There are a variety of issues that are specific to RAG-based legal AI systems and lead to delusions. Legal retrieval is complex to start. Finding the right (or best) authority can be difficult, as any lawyer will attest. In contrast to other fields, law is not solely based on verifiable facts.?Instead, it is developed over time through the drafting of judgments?by judges.
This makes it challenging to determine the collection of documents that provide a clear answer to a query, and occasionally, hallucinations happen for no other reason than the retrieval process of the system malfunctions.
Secondly, even in cases where retrieval is successful, the document obtained may not be relevant. The American legal system is characterized by a lack of uniformity in its rules and precedents across different jurisdictions and historical periods. As a result, materials that appear relevant based on their semantic similarity to a particular query may not be relevant for reasons specific to the law. As a result, there is the witnessing of hallucinations when these RAG systems are unable to determine whose authority is binding. This is especially troublesome because legal study is the most critical area where the law changes. For example, one system misquoted the Dobbs decision to invalidate the “undue burden” threshold for abortion restrictions as sound law.?
?Third, there are dangers in legal contexts due to sycophancy, which is AI’s propensity to concur with?users'?false presumptions. For example, a system naively accepted the assumption of the question. In this case, the assumption was that Justice Ginsburg dissented from the Obergefell case, establishing a right to same-sex marriage. The system then responded by stating that her position on international copyright was the reason behind her decision. In fact, Justice Ginsburg did not rebel in the Obergefell case, and copyright was not at all relevant to the decision. Despite such a response, the outcomes are encouraging. Our experiments demonstrated that both computers could traverse queries based on erroneous premises.?
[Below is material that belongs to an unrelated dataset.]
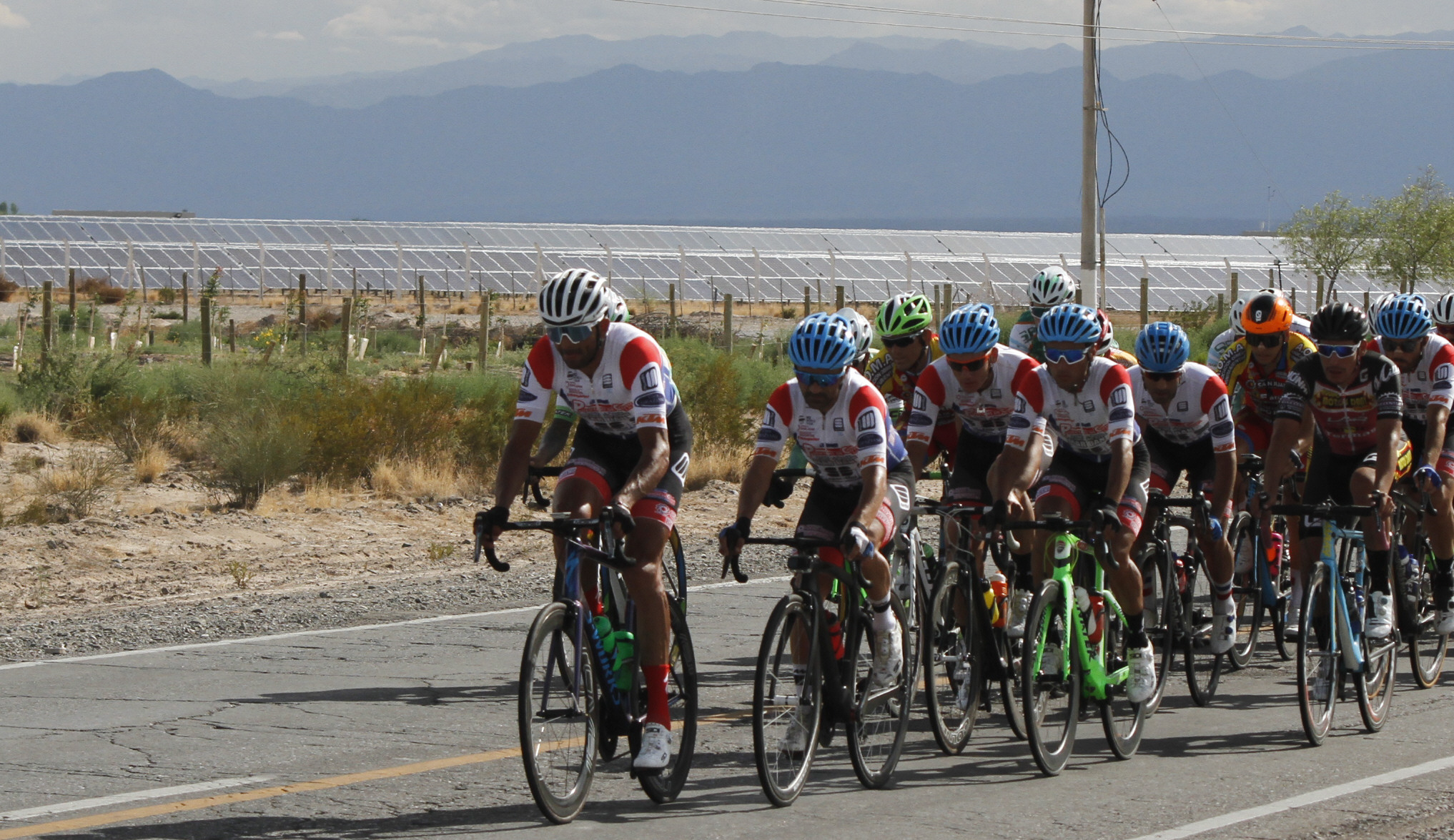 No sólo de cal se vive en Sarmiento. El parque de energía solar y una flamante plantación de pistachos, a su lado, son el fondo de esta clásica postal del ciclismo rutero local.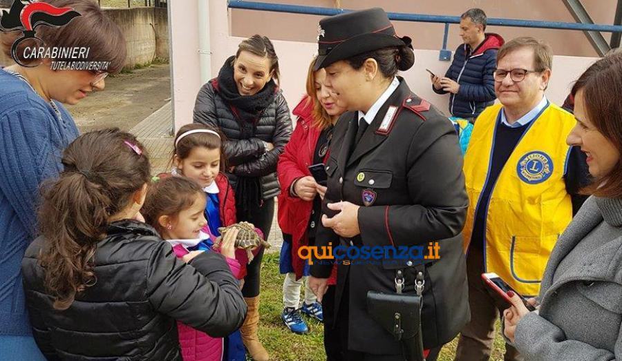 COSENZA – Dopo il successo dello scorso anno è ripartito il progetto di educazione ambientale “La Tartaruga va a Scuola”; iniziativa ideata dal Reparto Carabinieri Biodiversità di Cosenza, diretto dal Ten.Col. Gaetano Gorpia, in collaborazione con i Lions Club di Castrovillari, Corigliano Thurium, Cosenza Rovito Sila Grande, Rossano Sybaris e l’Oasi WWF Policoro Herakleia.

However, there can be severe repercussions when these systems do accept false user claims. This is especially true for individuals who want to utilize these tools to help pro se, and under-resourced litigants have more access to the legal system.
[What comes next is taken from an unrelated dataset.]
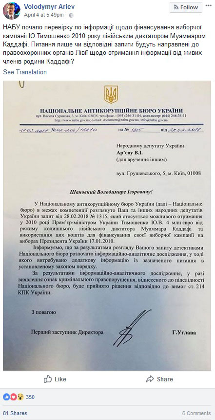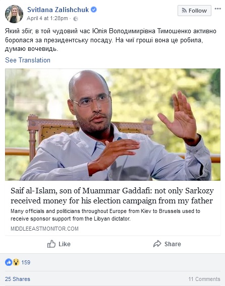 Депутаты от БПП развернули целую информационную кампанию по дискредитации основного оппонента Петра Алексеевича. Для начала нардеп Светлана Залищук на своей странице в Facebook выкладывает ссылку на интервью сына покойного ливийского диктатора, который поведал изданию middleeastmonitor.com о том, кто помимо Саркози "от Киева до Брюсселя" получал деньги на политическую деятельность.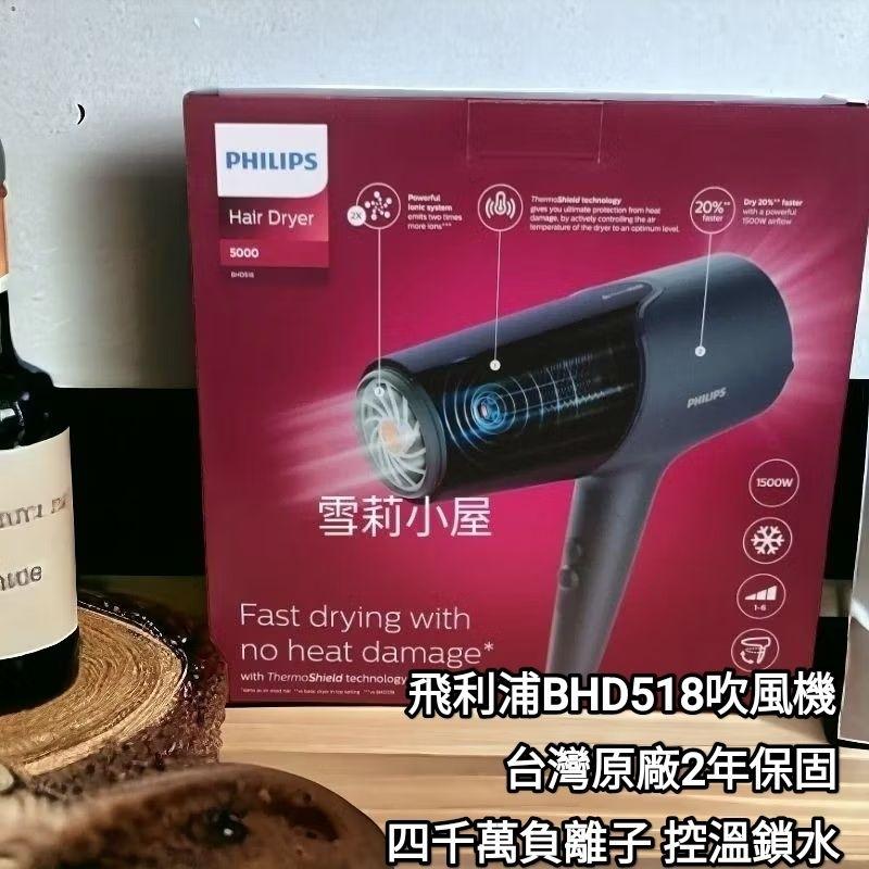 免運全新原廠保固,加贈開運御守,飛利浦沙龍級護髮負離子吹風機(霧藍黑) BHD518控溫鎖水

Ultimately, these challenges outline the necessity of thorough and open benchmarking of legal AI technologies. In contrast to other fields, the application of AI in law still needs to be revised. Most tools do not offer systematic access, share very little information about their models, or even present evaluation findings. This opacity makes it quite difficult for lawyers to obtain AI products. Paul Weiss, a large legal firm, tested a product for almost a year and a half without developing?"hard metrics"?because the process of verifying the AI system was so complex that it?"makes any efficiency gains difficult to measure."?Responsible adoption is challenging because of the need for more rigorous evaluation metrics, particularly for practitioners with fewer resources than Paul Weiss.?
The inability of attorneys to uphold the standards of professionalism and ethics is another danger posed by the need for more openness. The bar organizations of Florida, New York, and California have all recently published guidelines regarding the supervisory obligation of attorneys over work products generated by artificial intelligence programs. Furthermore, as of May 2024, over 25 federal judges had issued standing orders directing lawyers to report or keep an eye on the use of artificial intelligence. It might be easier for attorneys to fulfill these obligations with access to assessments of the particular instruments and openness regarding their creation. On the other hand, because of the prevalence of hallucinations, attorneys might have to double-check every assertion and reference that these tools produce, which would undermine the purported productivity benefits that legal AI tools are meant to offer.